Женщину оставили одну оплакивать свое имущество. Выслушав ее жалобы, все повернулись к ней спиной и стали расходиться — и те, кто проявлял сочувствие, и те, в ком кипела злость. Зачинщики нападения, понурив голову, пристыженные, выбирались, несолоно хлебавши, из толпы: затея, к которой они так старательно готовились, не удалась.

С сожалением и досадой они вынуждены были отметить, что добыча уплыла из-под носа. Те, кто не был непосредственно заинтересован в злодеянии, но примкнул к шествию просто из любопытства и из желания поглазеть на редкое зрелище — увидеть собственными глазами, как на позорную телегу посадят человека, которого приравняли к мусору, и вывезут его на свалку, — эти незаинтересованные зеваки теперь, когда представление не состоялось, не больно жалели о потерянном времени и с легкой душой расходились по домам. Они только что слышали, как плакала ни в чем не повинная женщина, пострадавшая за чужие грехи, и были довольны, что им не довелось быть свидетелями еще одной несправедливости, совершенной в отношении человека, который, возможно, не заслужил того, что с ним хотели сделать. Так что эти люди были даже рады, что не приняли участия в поступке, о котором потом сожалели бы.

А жалеть им не пришлось потому, что ранним утром того же дня Лузи Машбер и Сроли Гол, которые неминуемо пострадали бы, покинули свой домик, пока город еще спал, и затворили за собою дверь. Прежде чем переступить порог, Лузи поцеловал мезузу, а Сроли обернулся, окинул взглядом стены и только потом коснулся мезузы губами.

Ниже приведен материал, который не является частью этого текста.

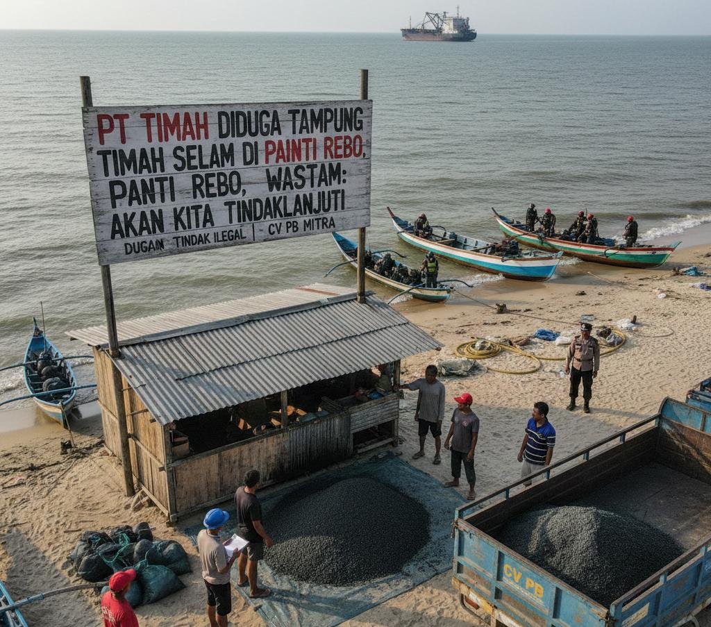 SalamWaras, Bangka – Dugaan praktik penampungan bijih timah hasil tambang ilegal kembali mencuat di wilayah Pantai Rebo, Kabupaten Bangka.

Небо было темное. И только на востоке едва начинал брезжить рассвет, появились первые проблески лучей, обещавшие грядущий восход ярко-красного, лучисто-жаркого солнца. Город еще спал за закрытыми дверьми и ставнями. Пыль на улицах улеглась, и предрассветное небо над головой было синим и ласковым. Никто нашим путникам не повстречался: не с кем было поздороваться, не от кого услышать утреннее приветствие.

Лузи и Сроли прошли по улице, которая привела их к железнодорожному переезду, где город заканчивался. Справа оказалось кладбище с липами и кустами орешника вдали, а слева — открытые поля и пашни, тянувшиеся к горизонту. И никого не видать, кроме двух путников: Лузи в летнем дорожном пальто, похожего на странствующего купца, и Сроли в расстегнутом кафтане, с тяжелой торбой за плечами, в которой лежали не только его вещи, но и вещи Лузи, шедшего налегке.

Когда они были уже далеко от города, перед ними распахнулось утро с восходящим из-за леса солнцем, похожим на круглого красного идола, появившегося из таинственного подземелья. Проснувшиеся птички подняли неистовый шум и щебетание, пламенно благодаря солнце за бодрящее, лучистое тепло. Чествуя его, они принялись летать, сновать между деревьев и выискивать что-нибудь подходящее для торжественной трапезы на заре.

Позже, когда солнце поднялось по небосклону, наши ходоки почувствовали на себе испарину: Сроли — от тяжести, затруднявшей передвижение, а Лузи — от самого хождения, к которому он был непривычен. Затем, ближе к полудню, они дошли до ручья, оставшегося от растаявшего снега, который скапливался в низменных местах и высыхал лишь к концу лета.

Здесь они расположились на отдых. Сроли снял с плеч торбу и положил ее наземь, оба вымыли руки в чистой воде ручейка, надели талесы и филактерии. Помолившись, они снова вымыли руки, и Сроли достал из торбы еду, приготовленную на дорогу. Они отдохнули и снова двинулись в путь по намеченному Сроли маршруту. Они шагали через поле, пока не дошли до дубовой рощи. Свернув в нее, они вдохнули запах древесной коры и прошлогодних листьев, согретых солнцем. Удивительный покой царил в этой роще. Сделав несколько шагов по шуршащей листве, путники нашли наезженную колею.